By Nick Stout
Album: “…And Star Power”
Release Date: Oct. 14, 2014
California indie psych-pop duo Foxygen are back after last year’s critically acclaimed “We are the 21st Century Ambassadors of Peace and Magic” with a new 82-minute double album entitled “…And Star Power.”
The majority of the material was recorded at Dream Star Studios in Los Angeles, which in actuality is band member Jonathon Rado’s garage. While the majority of the instrumentation and vocals are performed by multi-instrumentalist creative partners Sam France and Jonathon Rado, this album features a slew of guest stars including The Flaming Lips, White Fence, Bleached, Of Montreal and Carson Mell as members of an all-inclusive alter-ego punk band called Star Power.
Where last years full-length debut album from Foxygen was a modern take on classic bands of the ’60s like The Rolling Stones, The Velvet Underground and The Kinks, “…And Star Power” finds the band with a more relaxed ’70s AM radio vibe, while still holding qualities of those ’60s bands.
The more commercially appealing “hits” they get out of the way at the beginning of the album, like “How Can You Really” and “Coulda Been My Love,” sound like they could have been plucked from the airwaves of an oldies station.

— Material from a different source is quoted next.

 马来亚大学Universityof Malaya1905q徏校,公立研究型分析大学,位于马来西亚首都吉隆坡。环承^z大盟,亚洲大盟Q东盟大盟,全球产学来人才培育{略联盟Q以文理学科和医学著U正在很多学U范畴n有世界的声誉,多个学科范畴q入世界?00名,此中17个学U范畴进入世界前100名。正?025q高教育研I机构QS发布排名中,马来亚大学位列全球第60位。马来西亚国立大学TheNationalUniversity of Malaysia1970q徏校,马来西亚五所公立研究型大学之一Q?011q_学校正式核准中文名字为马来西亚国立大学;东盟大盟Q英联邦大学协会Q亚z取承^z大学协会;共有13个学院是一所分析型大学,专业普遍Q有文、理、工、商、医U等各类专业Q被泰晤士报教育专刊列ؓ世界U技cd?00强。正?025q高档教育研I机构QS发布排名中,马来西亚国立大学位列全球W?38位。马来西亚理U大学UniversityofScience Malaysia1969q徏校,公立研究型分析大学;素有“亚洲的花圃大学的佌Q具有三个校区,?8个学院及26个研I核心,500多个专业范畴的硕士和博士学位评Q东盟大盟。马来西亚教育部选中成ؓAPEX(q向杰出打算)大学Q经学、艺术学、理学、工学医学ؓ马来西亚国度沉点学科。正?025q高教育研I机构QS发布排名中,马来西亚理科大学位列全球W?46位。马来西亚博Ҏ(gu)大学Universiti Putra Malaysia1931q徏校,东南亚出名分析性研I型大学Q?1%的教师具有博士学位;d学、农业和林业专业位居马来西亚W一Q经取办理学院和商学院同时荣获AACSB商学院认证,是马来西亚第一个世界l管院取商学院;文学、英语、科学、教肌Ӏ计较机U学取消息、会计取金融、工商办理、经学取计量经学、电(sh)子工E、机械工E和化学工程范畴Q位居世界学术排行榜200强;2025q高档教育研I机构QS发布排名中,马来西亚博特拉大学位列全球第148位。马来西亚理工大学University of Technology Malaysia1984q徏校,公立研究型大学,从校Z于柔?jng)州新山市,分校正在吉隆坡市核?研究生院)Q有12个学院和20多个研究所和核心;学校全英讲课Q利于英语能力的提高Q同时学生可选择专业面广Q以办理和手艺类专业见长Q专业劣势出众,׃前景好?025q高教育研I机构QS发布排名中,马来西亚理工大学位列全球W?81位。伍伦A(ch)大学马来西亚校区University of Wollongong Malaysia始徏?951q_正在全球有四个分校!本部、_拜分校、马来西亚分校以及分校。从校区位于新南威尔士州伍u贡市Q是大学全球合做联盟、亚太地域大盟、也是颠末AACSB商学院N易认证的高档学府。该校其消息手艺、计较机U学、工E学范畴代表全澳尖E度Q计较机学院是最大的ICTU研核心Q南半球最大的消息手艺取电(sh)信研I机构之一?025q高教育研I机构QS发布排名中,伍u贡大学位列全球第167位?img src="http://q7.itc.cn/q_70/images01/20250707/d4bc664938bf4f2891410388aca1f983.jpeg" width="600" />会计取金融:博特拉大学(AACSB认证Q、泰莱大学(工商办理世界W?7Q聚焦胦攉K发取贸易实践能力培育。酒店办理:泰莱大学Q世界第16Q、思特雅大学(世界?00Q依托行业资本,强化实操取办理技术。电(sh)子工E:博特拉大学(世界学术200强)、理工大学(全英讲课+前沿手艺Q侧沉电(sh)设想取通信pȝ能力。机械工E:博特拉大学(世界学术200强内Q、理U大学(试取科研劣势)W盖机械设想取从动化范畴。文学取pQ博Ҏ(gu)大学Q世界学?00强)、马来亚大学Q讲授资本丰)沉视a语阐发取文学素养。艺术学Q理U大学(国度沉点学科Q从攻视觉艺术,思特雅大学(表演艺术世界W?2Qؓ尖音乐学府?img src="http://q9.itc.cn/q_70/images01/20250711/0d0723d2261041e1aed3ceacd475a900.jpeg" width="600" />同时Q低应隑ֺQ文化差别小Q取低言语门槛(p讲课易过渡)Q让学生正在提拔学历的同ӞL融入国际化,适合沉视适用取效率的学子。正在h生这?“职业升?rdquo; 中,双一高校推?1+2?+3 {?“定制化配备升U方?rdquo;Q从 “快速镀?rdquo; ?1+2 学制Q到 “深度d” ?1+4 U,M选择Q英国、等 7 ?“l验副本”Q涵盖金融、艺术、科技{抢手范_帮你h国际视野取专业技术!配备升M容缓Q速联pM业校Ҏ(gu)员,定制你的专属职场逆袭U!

“Coulda Been My Love” includes a slide guitar in the chorus reminiscent of George Harrison. “Cosmic Vibrations” features a vibrato induced electric organ and Sam France attempting his best Jim Morrison impression.
“You and I” finds the band playing with the Stones’ softer “Between the Buttons” era sound. With the four-part roman numeraled Star Power suite they have fun with guest stars in their all-inclusive punk band alter ego. However, the only section of this suite that sounds like a classic punk song at all is “Star Power II: Star Power Nite.” On “I Don’t have Anything/The Gate,” Foxygen seek refuge in the melancholic folk-tinged power pop experimentation of Big Star’s Third.
One album “…And Star Power” could draw comparisons to stylistically would be Todd Rundgren’s “Something/Anything?”. It has the same tendencies towards ’70s soft rock built around sunny piano and keyboard melodies and both let themselves indulge in more challenging experiments, as well as heavier rock, in later parts of the album.
They also have similar levels of scope. The concluding section of the Star Power suite, “Star Power IV: ooh ooh,” sounds like it could have easily been inspired by Rundgren’s “It Wouldn’t Have Made Any Difference” from “Something/Anything?” Both are also double albums mostly performed instrumentally by the creative forces themselves. On the other hand, “…And Star Power” features some songs outside Rundgren’s sound and vice versa.
On “Flowers,” the band toys with ’60s sunshine psych-pop harnessed by bands like The Millenium. “Wallys Farm” is experimentation in goofy, flangey, twangy sounds with a Pink Floydesque phaser placed over disjointed keyboard noodling.
“Cannibal Holocaust” slips into a melancholy country ballad then trails off into Rundgren style up-tempo piano rock before revisiting the piano line of “How Can You Really” as a little reminder of the cleaner upbeat sounds of the beginning of the record. It’s a clever way to reward the listener for staying with the journey.
The second half of this double album features numbers that have a heavier ’60s sound. Opening track “Cold Winter/Freedom” is a dark psychedelic soundscape with eerie keyboards, cymbal crashes, dark pulsations, futuristic laser noises and a Velvet Underground style one-note-piano rock ‘n’ roll frenzy with spurts of feedback. The track culminates in Sam France saying “A million dead dogs in space in spaceships floating around listening to Led Zeppelin, feeling f#*&*ng triumphant and god will not forget a single one of them” with spaceship noises bleeping and blooping around his warbling voice before ending in one final low keyboard pulse.
“Can’t Conceptualize My Mind” showcases a Stones-inspired, laid-back swagger, while also letting itself unravel in a disjointed way, similar to The Brian Jonestown Massacre.
“Brooklyn Police Station” continues on similar territory with a bedroom garage-rock romper. These songs provide something for those who prefer the more upbeat numbers from the band’s previous record.
The mood slips back into melancholy briefly for “The Game” before turning aggressive again with a whirlwind of echoes and screams over a driving rock number called “Talk.”
The album ends on two last breaths of hope in the Wings and Badfinger-inspired “Everyone Needs Love” and the velvety ’60s psych-rock stumbling of “Hang.”
Many bands that find themselves in a position of success like this band’s would play it safe and merely try to extend on the ideas that made the last record a hit. “…And Star Power” feels more like Foxygen is trying to make a record to keep themselves interested.
They shove a lot of ideas into this album, instead of boring the listener with an idea that is stretched out for way too long. After all, greater risk means greater rewards and, in this case, greater interest. Many great artists evolve and will take a leap in order to set themselves apart from the pack. Foxygen is no exception.